===== INPUT DATA

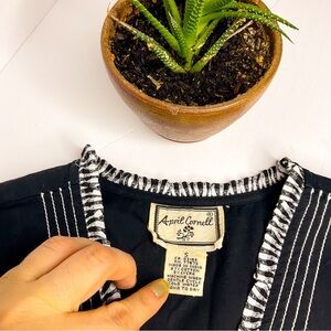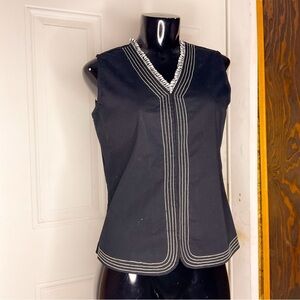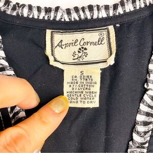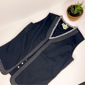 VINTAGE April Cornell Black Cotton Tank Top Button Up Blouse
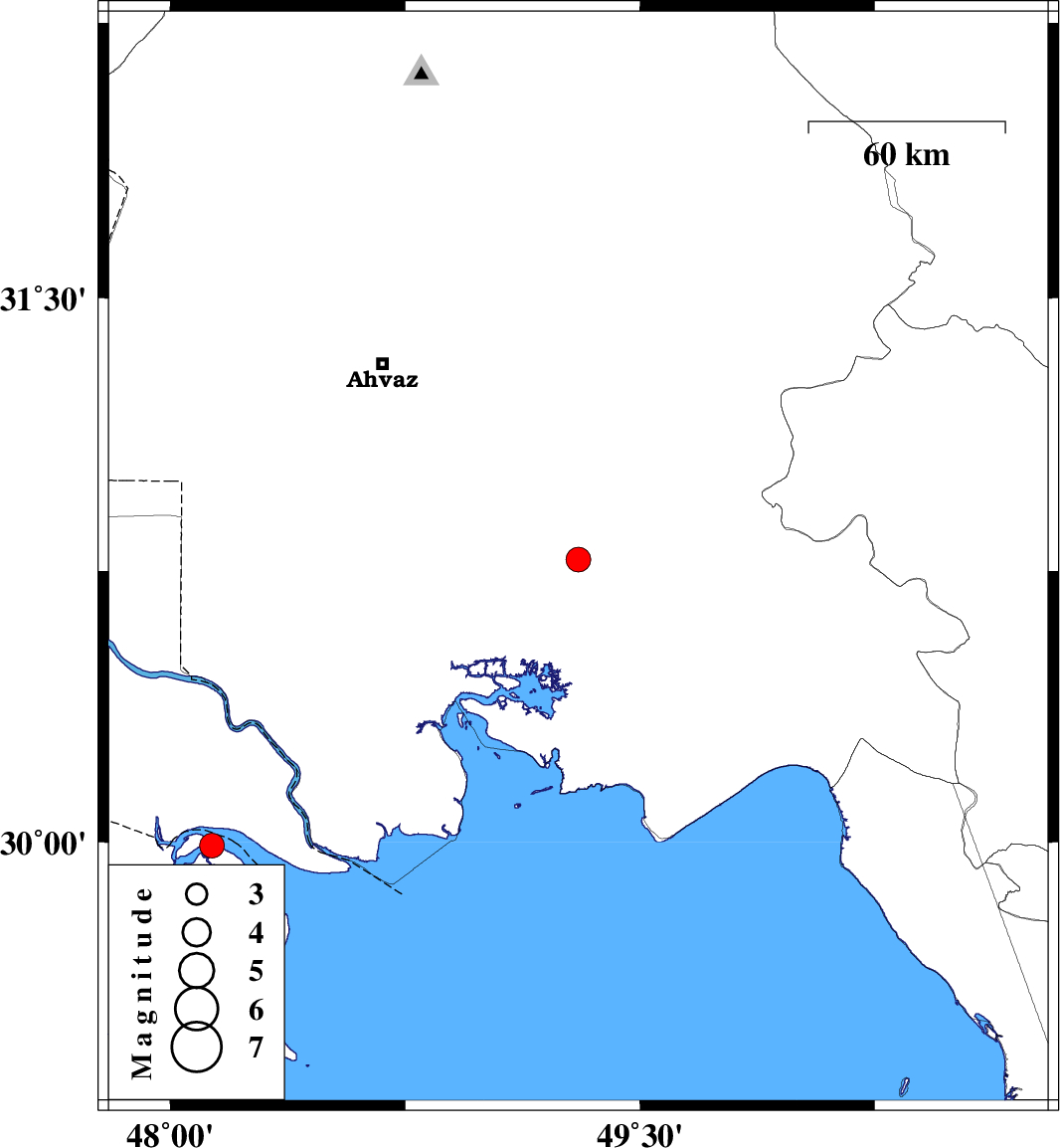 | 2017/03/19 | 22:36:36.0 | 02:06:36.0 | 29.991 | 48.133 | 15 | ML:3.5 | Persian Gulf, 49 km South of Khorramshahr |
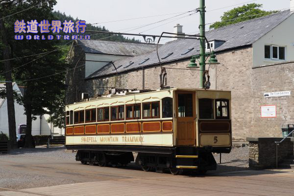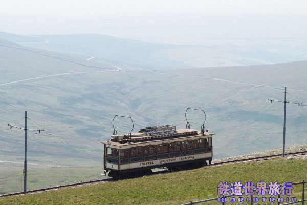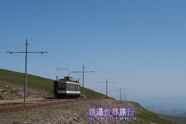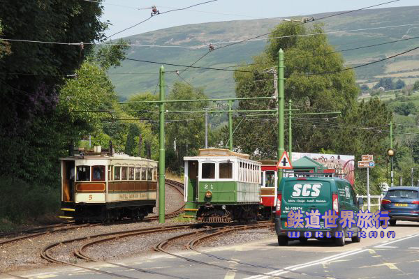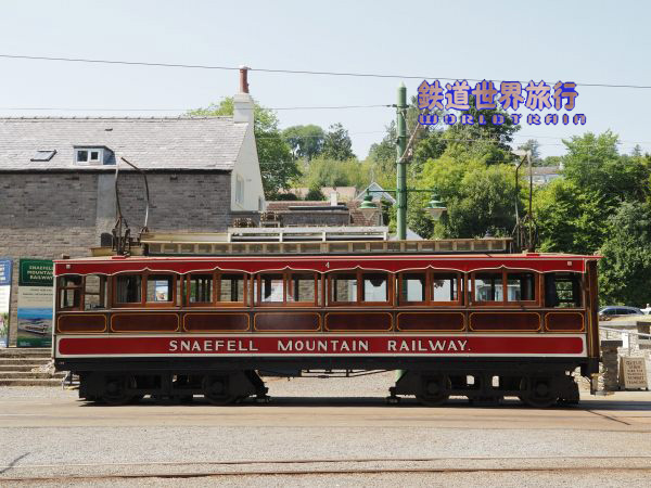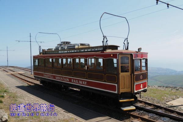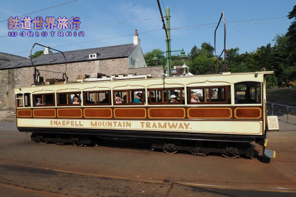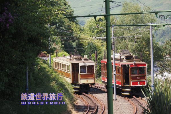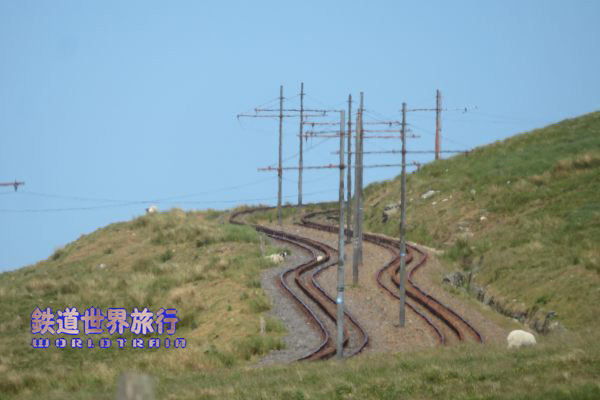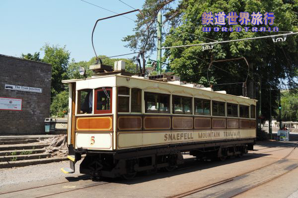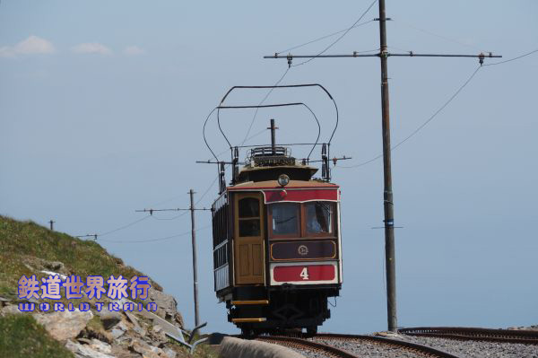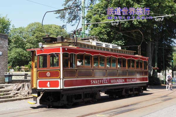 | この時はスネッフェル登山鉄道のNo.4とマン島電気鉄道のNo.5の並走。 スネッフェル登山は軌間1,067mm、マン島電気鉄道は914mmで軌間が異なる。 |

==========

### PROBLEM TO WORK ON
Output the listing above exactly, excluding all pictures.

### OUTPUT OF THE EXERCISE
 VINTAGE April Cornell Black Cotton Tank Top Button Up Blouse
 | 2017/03/19 | 22:36:36.0 | 02:06:36.0 | 29.991 | 48.133 | 15 | ML:3.5 | Persian Gulf, 49 km South of Khorramshahr |
 | この時はスネッフェル登山鉄道のNo.4とマン島電気鉄道のNo.5の並走。 スネッフェル登山は軌間1,067mm、マン島電気鉄道は914mmで軌間が異なる。 |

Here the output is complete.